Page 3: Uber, airbnb, booking.com…ces nouveaux acteurs qui rebattent leurs cartes

Quelles terres convoitent-ils ? Ces nouveaux géants du web sont animés par l’esprit de conquête. Il en est ainsi depuis la nuit des temps. Dans le cas présent, ils veulent simplement … tout. Dès lors qu’ils se croient en mesure de dégager de la valeur, ils agissent sans tarder. Ils s’attaquent à tous les secteurs d’activités, tous les métiers. Ils interviennent aussi bien dans le domaine de l’entreprise que du particulier.

Qui sont les seigneurs des terres menacées ? Dans la vaste majorité, les leaders actuels sont des narcissiques productivistes, à l’esprit cortical[4] et au cursus très souvent cartésien. Sortis des meilleures institutions, le CV rutilant, de solides appuis, leur ascension n’est en rien liée au hasard. S’ils présentent indéniablement de nombreux atouts — ils sont souvent des leaders dans l’âme — leurs lacunes sont également bien connues. Ces dernières expliquent en grande partie les impasses dans lesquelles nous sommes plongés aujourd’hui. Ils éprouvent en particulier une certaine difficulté à naviguer dans ce monde hautement numérisé.

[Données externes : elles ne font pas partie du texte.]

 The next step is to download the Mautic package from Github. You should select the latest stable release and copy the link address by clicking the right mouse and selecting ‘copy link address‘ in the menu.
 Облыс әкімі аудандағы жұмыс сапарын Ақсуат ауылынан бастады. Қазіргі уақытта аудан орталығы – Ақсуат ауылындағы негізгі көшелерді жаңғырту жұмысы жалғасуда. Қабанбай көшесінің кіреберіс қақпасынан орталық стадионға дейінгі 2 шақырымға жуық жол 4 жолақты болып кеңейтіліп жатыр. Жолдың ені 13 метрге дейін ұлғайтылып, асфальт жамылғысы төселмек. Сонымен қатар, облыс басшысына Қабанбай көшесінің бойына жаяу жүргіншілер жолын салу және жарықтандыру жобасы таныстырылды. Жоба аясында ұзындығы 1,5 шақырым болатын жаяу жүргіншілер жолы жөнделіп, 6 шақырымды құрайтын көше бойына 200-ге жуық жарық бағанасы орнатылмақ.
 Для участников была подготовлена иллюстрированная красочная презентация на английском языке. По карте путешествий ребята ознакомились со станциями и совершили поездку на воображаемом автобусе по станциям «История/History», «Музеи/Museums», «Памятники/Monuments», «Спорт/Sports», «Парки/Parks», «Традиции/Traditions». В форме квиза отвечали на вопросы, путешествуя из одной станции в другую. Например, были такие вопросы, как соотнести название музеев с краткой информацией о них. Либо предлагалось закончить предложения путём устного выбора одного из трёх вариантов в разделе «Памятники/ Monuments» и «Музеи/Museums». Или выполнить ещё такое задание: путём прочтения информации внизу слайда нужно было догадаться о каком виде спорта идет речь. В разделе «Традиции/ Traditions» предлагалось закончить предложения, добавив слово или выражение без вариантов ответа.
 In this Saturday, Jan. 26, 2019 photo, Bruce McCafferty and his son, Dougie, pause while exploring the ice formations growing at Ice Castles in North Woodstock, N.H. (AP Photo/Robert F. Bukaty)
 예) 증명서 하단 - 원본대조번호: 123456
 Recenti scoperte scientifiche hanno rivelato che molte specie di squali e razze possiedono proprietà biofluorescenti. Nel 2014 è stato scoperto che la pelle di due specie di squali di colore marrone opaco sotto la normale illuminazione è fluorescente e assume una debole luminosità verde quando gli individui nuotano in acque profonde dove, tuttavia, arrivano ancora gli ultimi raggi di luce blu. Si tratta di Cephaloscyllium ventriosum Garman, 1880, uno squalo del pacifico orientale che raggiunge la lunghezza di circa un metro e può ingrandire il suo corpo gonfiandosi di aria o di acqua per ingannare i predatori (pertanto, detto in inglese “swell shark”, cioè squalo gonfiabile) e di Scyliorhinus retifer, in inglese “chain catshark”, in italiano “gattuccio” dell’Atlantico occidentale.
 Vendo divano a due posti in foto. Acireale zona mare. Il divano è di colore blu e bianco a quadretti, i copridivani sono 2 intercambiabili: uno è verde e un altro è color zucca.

Pourquoi sont-ils en danger ? En premier lieu parce que leurs résultats ne sont pas toujours très probants. La crise de 2008 a été révélatrice de leurs déficiences. Ils étaient censés donner naissance à un monde meilleur, mais nous savons qu’il n’en est rien. Certes, le progrès technique est encourageant, mais pour autant les inégalités ne se sont pas atténuées, le système économique et financier semble moins solide qu’avant — la chute de Lehman Brothers a marqué tous les esprits —, les guerres sont toujours omniprésentes aux quatre coins de la planète, les attentats terroristes se multiplient un peu partout et la fracture écologique ne cesse d’inquiéter. En d’autres termes, la copie n’est pas au niveau attendu ! Et nous ne voyons pas comment en sortir sauf à tout changer.

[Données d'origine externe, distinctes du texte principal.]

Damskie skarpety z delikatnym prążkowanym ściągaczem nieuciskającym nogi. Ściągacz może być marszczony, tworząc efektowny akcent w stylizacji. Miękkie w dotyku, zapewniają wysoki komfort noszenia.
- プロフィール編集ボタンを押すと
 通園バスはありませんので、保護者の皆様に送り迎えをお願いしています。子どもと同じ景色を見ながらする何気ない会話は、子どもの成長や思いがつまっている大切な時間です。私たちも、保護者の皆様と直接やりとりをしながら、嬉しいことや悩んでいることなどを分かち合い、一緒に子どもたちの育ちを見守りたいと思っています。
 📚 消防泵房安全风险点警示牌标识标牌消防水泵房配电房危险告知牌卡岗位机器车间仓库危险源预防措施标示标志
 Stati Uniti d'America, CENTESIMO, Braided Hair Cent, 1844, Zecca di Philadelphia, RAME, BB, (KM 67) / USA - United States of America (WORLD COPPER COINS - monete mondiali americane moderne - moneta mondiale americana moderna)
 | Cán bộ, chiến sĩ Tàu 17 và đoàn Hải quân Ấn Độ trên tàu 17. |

En second lieu, parce qu’ils ont souvent démontré leurs limites. Généralement très doués, ils possèdent des qualités indéniables qui font d’eux des leaders naturels. Mais ils sont aussi coupables de multiples déviations. Leur égo est souvent démesuré — le propre de profils narcissiques — et lorsqu’ils ne sont plus sous contrôle, tout peut arriver. Nul n’est besoin de rappeler les épisodes récents de scandales sexuels ou de malversations financières qui ont égrené l’actualité au cours de ces dernières années.

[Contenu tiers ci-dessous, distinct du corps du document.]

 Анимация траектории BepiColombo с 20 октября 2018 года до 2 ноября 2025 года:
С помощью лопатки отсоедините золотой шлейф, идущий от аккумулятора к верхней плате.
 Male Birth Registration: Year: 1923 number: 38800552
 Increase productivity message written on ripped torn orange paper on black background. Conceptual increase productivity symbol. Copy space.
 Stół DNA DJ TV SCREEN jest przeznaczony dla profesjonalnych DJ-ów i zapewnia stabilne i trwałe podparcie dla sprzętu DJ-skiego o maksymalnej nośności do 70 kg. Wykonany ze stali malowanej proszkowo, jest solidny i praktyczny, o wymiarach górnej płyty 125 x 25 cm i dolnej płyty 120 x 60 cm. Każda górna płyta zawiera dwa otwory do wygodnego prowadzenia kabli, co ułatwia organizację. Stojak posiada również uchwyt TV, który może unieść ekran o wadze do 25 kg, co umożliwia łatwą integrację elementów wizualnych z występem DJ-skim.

Alors, menaces ou opportunités ?

Page 4: Uber, airbnb, booking.com…ces nouveaux acteurs qui rebattent leurs cartes

Ils sont une menace pour tous ceux qui refusent de bouger et de se remettre en cause. L’exemple de l’hôtellerie est édifiant à cet égard. Attaquées de toute part, les grandes chaines doivent réagir ou disparaitre. Au mieux, elles seront réduites à l’état de simples fournisseurs de prestations de services. Mais elles n’auront plus la maitrise des événements et de la chaîne de valeurs. La startup Airbnb ne se contente pas de leur prendre des parts de marché, elle définit le prix de la nuitée dans les villes du monde entier. Booking.com prend possession de la réservation, quand Trip Advisor devient une sorte de Michelin du online. Pour garder pied il faut être vigilent et ne pas rester figé sur des modèles passéistes. Je veux croire que ces nouveaux acteurs constituent davantage une opportunité. Ils sont même une grande chance pour nos entreprises et notre économie en général. Ils vont en effet pousser les sociétés traditionnelles à se réinventer. Et force est de constater qu'il n'y a pas un acteur aujourd'hui qui ne se pose pas la question des dangers qui le guettent en cas d'inaction. Grâce à eux, tous repensent leur modèle de bout en bout ! C'est un bénéfice inattendu et salutaire finalement.

Mais quels rôles joueront ces startups dans le futur ? Seront-elles les leaders de demain ? Ce sera l’objet de mon prochain billet … à paraître sous peu.

[1] Fondateurs de startup.

[2] Selon la formule du président du groupe Publicis, Maurice Levy.

[3] Entreprises faites de briques et de ciment.

[4] Se rapporte à la partie rationnelle du cerveau, le cortex.